Going against widespread expectations yet again, Reserve Bank of India (RBI) governor Raghuram Rajan hiked the repo rate by 25 basis points to 8 percent as part of his monetary policy announcement on Tuesday, in light of the inflationary pressures persisting in the economy.
Calling the economic downturn “increasingly worrisome”, Rajan said that growth in the third quarter of the current fiscal was slow due to the subdued performance of the industrial and services sectors.
However, pointing at the robust performance of agriculture, the governor exuded confidence in the easing of inflation levels in the future hinting that further rate hikes would not be required.
During the mid-quarter monetary policy review in December, the apex bank had kept the rates unchanged as the economic indicators, according to Rajan, “were marred by noise”. The present policy decision was in anticipation of the consumer price index (CPI) inflation remaining high. “Although headline inflation has fallen significantly with the substantial fall in vegetable prices, CPI inflation excluding food and fuel has remained flat and WPI inflation excluding food and fuel has risen.

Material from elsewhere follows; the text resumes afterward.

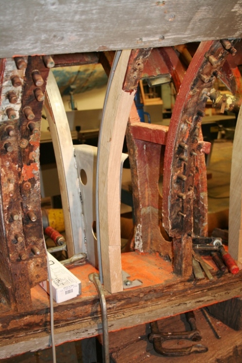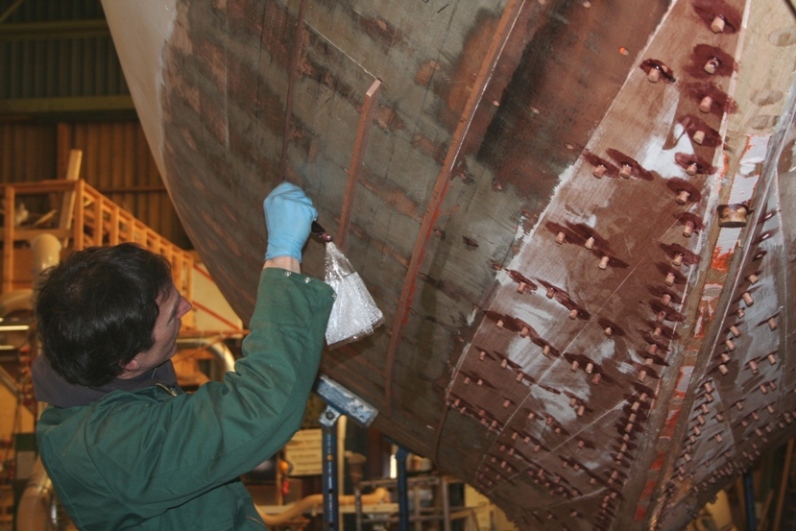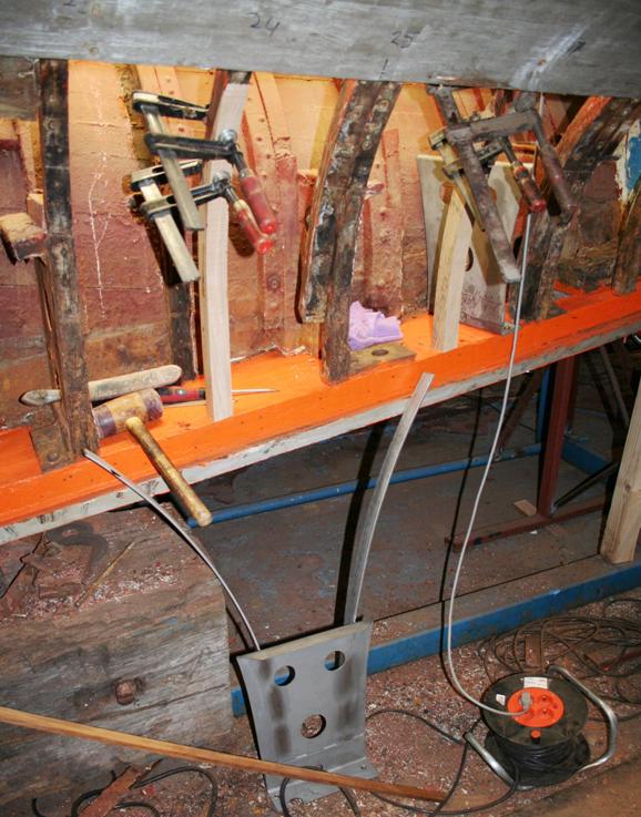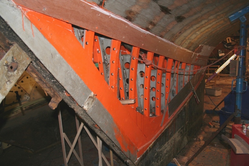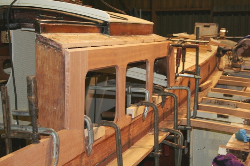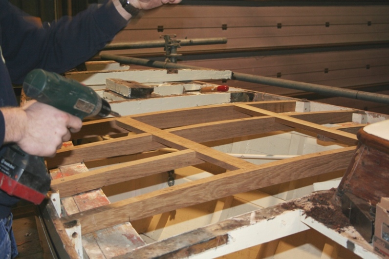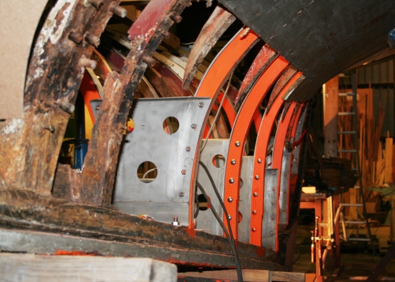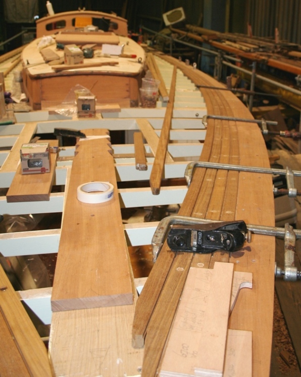 uitgevoerd. In het eerste winterseizoen is de romp grondig onderhanden genomen. Nieuwe wrangen en spanten, zowel rvs als hout. De stevenbalk is geheel vervangen tot de boeg. De verbindingsknie tussen kielbalk en stevenbalk is vervangen, evenals een flink aantal gangen uit het onderwaterschip. Gangen die niet vervangen zijn, zijn veelal wel aangeheeld dmv het inlijmen van splines. Een nieuw rvs mastspoor is geplaatst en de kielbouten zijn vervangen. Daarna heeft de Hamburg een zomer rustig kunnen varen, en was in het volgende winterseizoen de opbouw en het dek aan de beurt. De gehele dekconstructie is vervangen, en de opbouw is gerestaureerd en teruggebracht naar het oorspronkelijke ontwerp. Het geheel is afgemaakt met een massief teak dek. Deze winter zal een en ander in het interieur aangepast worden.

Given these data, the increase in the policy rate undertaken today is consistent with the guidance given in the mid-quarter review (of December),” Rajan said.
Meanwhile, the rate hike has come as a dampener to the new year spirits as the industry was expecting at least the interest rates to remain unchanged, if not lowered, so as to spur growth. Calling the decision disappointing, Sidharth Birla, chairman of Xpro India and Ficci president, said, “Growth has been anaemic and investments have been hit hard over the last two years and there are clear signs of contraction in employment opportunities across industries. While overall IIP has been in the negative terrain in the recent past, interest rate sensitive sectors like consumer durables, automobiles and housing and construction have taken a major hit.”
He further said, “At this juncture we need policy support from all directions to get the industrial sector back on track. We hope growth and employment considerations merit greater attention in RBI’s policy decisions in the coming months.”
In addition, Chandrajit Banerjee, director general of industry body CII, said that with economic indicators suggesting that a status quo was in order, the rate hike comes as a surprise. Reiterating that investment sentiment should also be considered by the RBI while deciding the monetary policy, Banerjee said, “India had entered a cycle where high interest rates are leading to subdued demand conditions resulting in lower growth and investment. This in turn is aggravating the supply bottlenecks and adding to inflationary pressures thereby inducing the RBI to hold on to higher interest rates.
“This circularity can be broken through a change in monetary policy stance. At a time when growth slowdown is getting entrenched across sectors and industrial production is at a low, CII strongly advocates a shift towards an accommodative monetary policy stance, sooner rather than later,” he added.